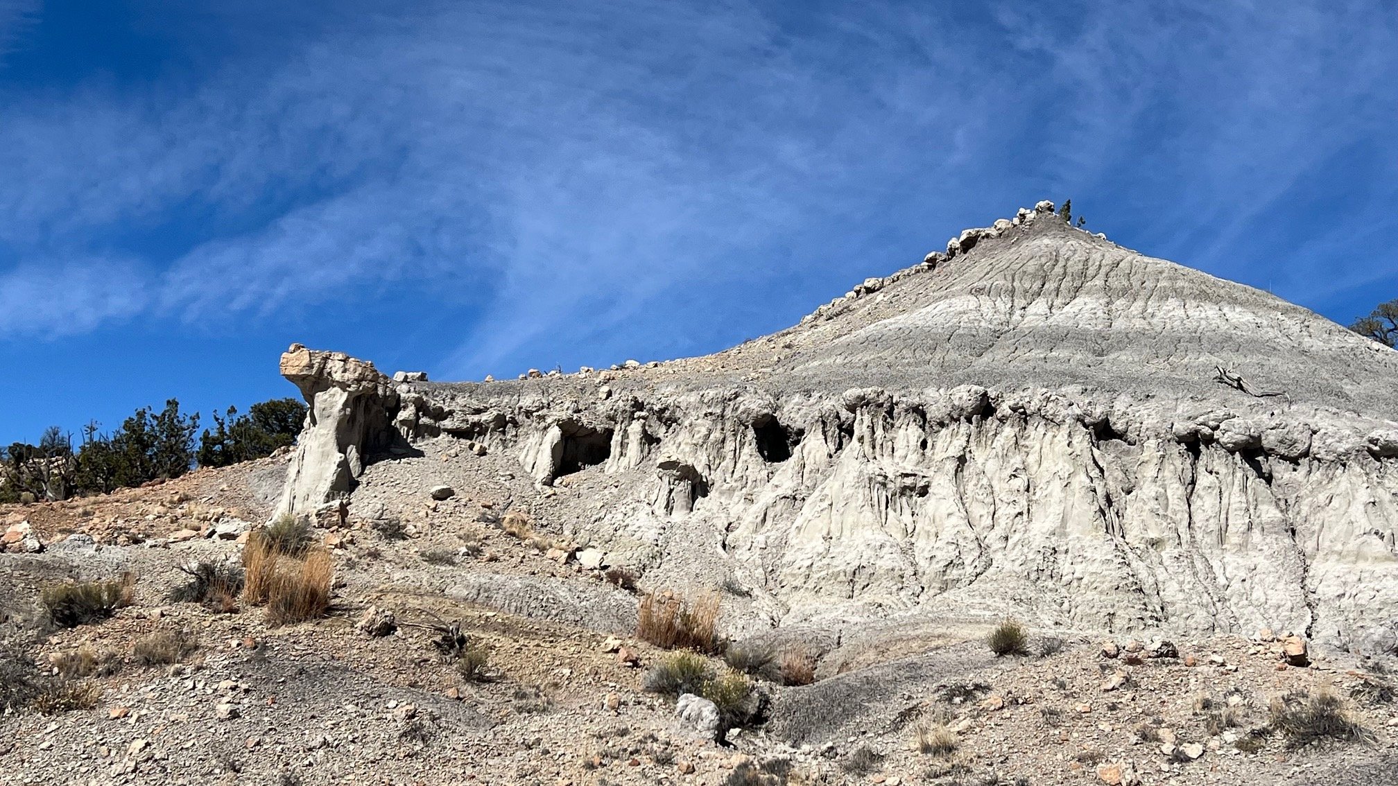 Out in the vastness of northwest New Mexico, in almost every direction from the world-class ruins of Ancestral Puebloan Chaco Canyon National Historical Park, are badland jewels like Ah-Shi-Sle-Pah, Bisti/De-Na-Zin, and Ojito Wilderness Areas.  But largely unknown to most are the BLM areas west of Cuba, whose highly eroded trailless ravines and mesa tops conceal an exotic otherworldly zone of fossils, hoodoos, and petrified wood, all interspersed with sweet spots of pinon/juniper and scattered Ponderosa pine forests.
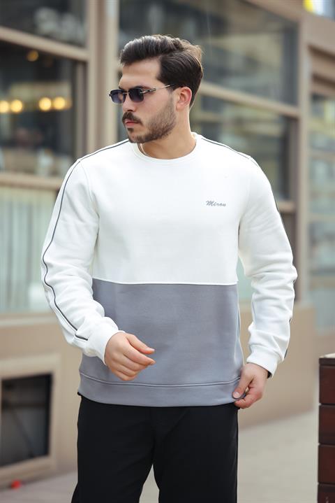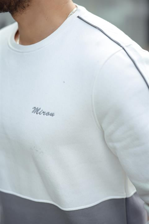 Miron Beyaz Gri Sıfır Yaka İki Renk Regular Fit Sweatshirt 2459
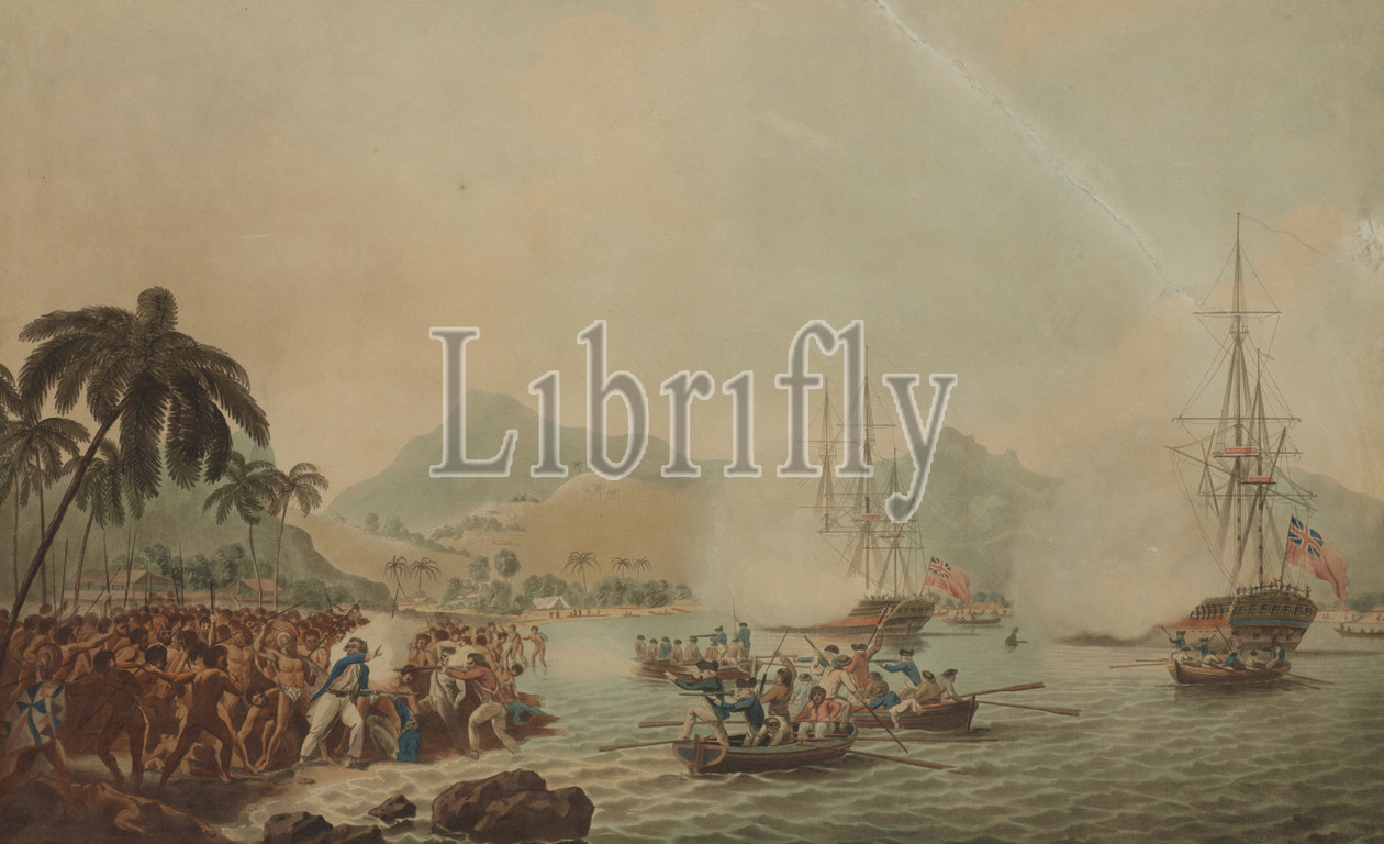 view, Owhyhee, Sandwich Islands, John Cleveley Junior, artist, 1787-88, aquatint, John Cleveley Junior bore, name, father, artistic skills, John received lessons, Paul Sandby, Chief Drawing Master, Woolwich, came, specialise, shipping, riverside scenes, chosen, join, Resolution, Joseph Banks' natural history draughtsman, Captain Cook's second voyage, Pacific, 1772-75, Banks' plans fell, John, accompanied, journey, Orkneys, Hebrides, Iceland, 1772

::::

→ WHAT NEEDS TO BE DONE: Lines before the one containing "Miron Beyaz Gri" are not wanted; write out that line and every later line through the end of the data above, exactly, without pictures.

→ EXERCISE RESULT:
 Miron Beyaz Gri Sıfır Yaka İki Renk Regular Fit Sweatshirt 2459
 view, Owhyhee, Sandwich Islands, John Cleveley Junior, artist, 1787-88, aquatint, John Cleveley Junior bore, name, father, artistic skills, John received lessons, Paul Sandby, Chief Drawing Master, Woolwich, came, specialise, shipping, riverside scenes, chosen, join, Resolution, Joseph Banks' natural history draughtsman, Captain Cook's second voyage, Pacific, 1772-75, Banks' plans fell, John, accompanied, journey, Orkneys, Hebrides, Iceland, 1772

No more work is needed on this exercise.